In the endothermic reaction of GB and H₂O, the energy needed to overcome the energy barrier is 60.6 kcal/mole. In this reaction the chemical products HF and IMPA are produced, having a net relative energy of 6.69 kcal/mole. At the GGA level the energy barrier is 38.6 kcal/mole.

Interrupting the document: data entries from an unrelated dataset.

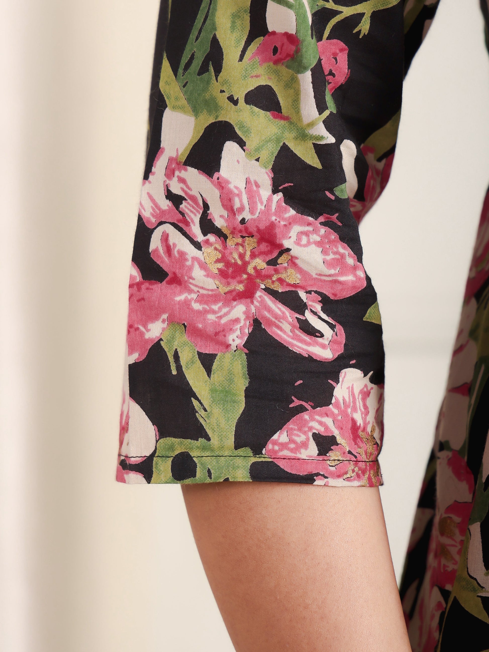Elevate your ethnic wardrobe with this Soft Cotton kurta in a stunning Black hue. Featuring an elegant A-line fit and striking Floral accents, it’s perfect for festive celebrations or family gatherings. The Round neckline and 3/4 Sleeve provide all-day comfort. Team with gold-toned accessories for an effortlessly chic vibe. Maintain its charm by following proper care instructions.
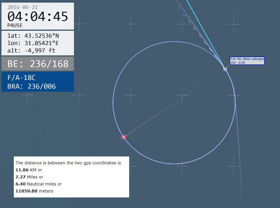 Flight simulations are fancy, but for this question of trajectory and distance from the fighter, I don't see what it could bring that simple geometry like this cannot. I'm not trying to defend one side here, but the maths are what they are, sorry. I may try to make a video to explain every steps of this calculation.
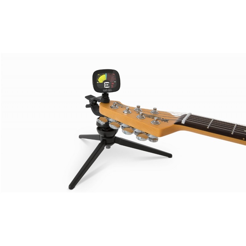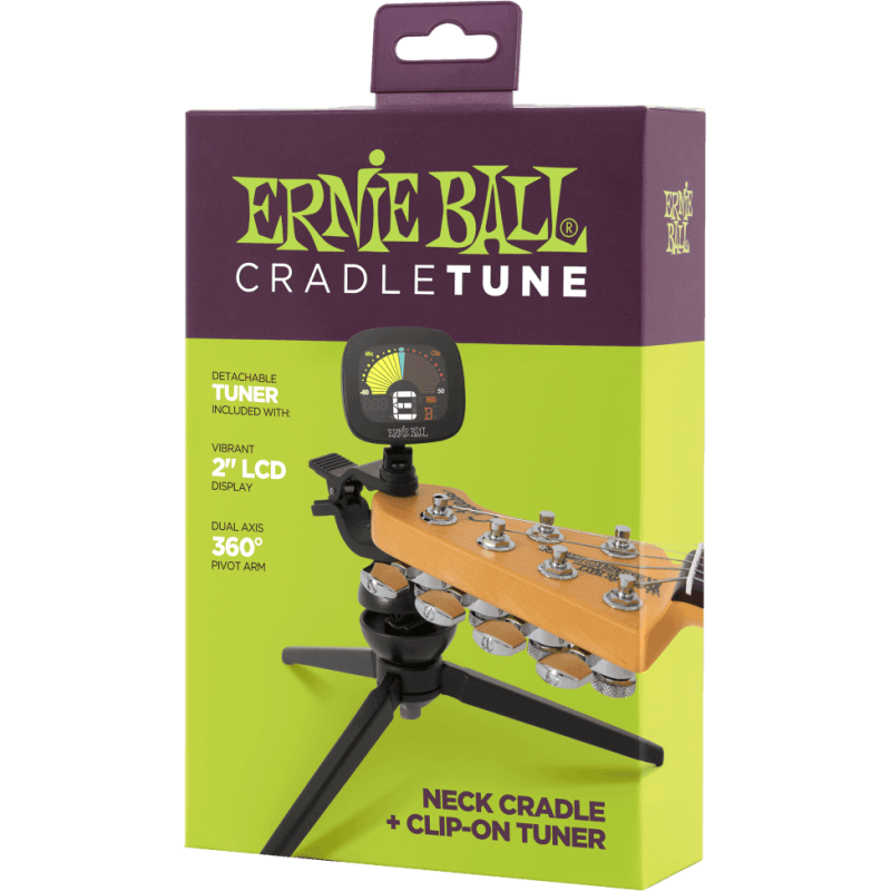 Le CradleTune de chez Ernie Ball est un accordeur à pince sur trépied conçu pour être simple a utiliser avec avec son support repose manche et son grand écran monté sur un bras articulé orientable à 360°.

The single-step reaction of GB with OH requires energy of 66.1 kcal/mole to take place at the Hartee-Fock level of approximation. The two-step reactions of GB with OH are improbable reactions under normal conditions because an initial barrier of 76.8 kcal/mole is needed to start the reaction. It is observed that if 76.8 kcal/mole are available, the formation of the (GB+OH)* neutral radical is possible. If the neutral radical is formed then two possible unimolecular reactions can proceed as shown in Fig. 4.14 and 4.15. The energy barrier that is needed for the abstraction reaction of fluorine is 25.6 kcal/mole, whereas only 20.8 kcal/mole are required to liberate HF. The later is exothermic with the release of 7.2 kcal/mole.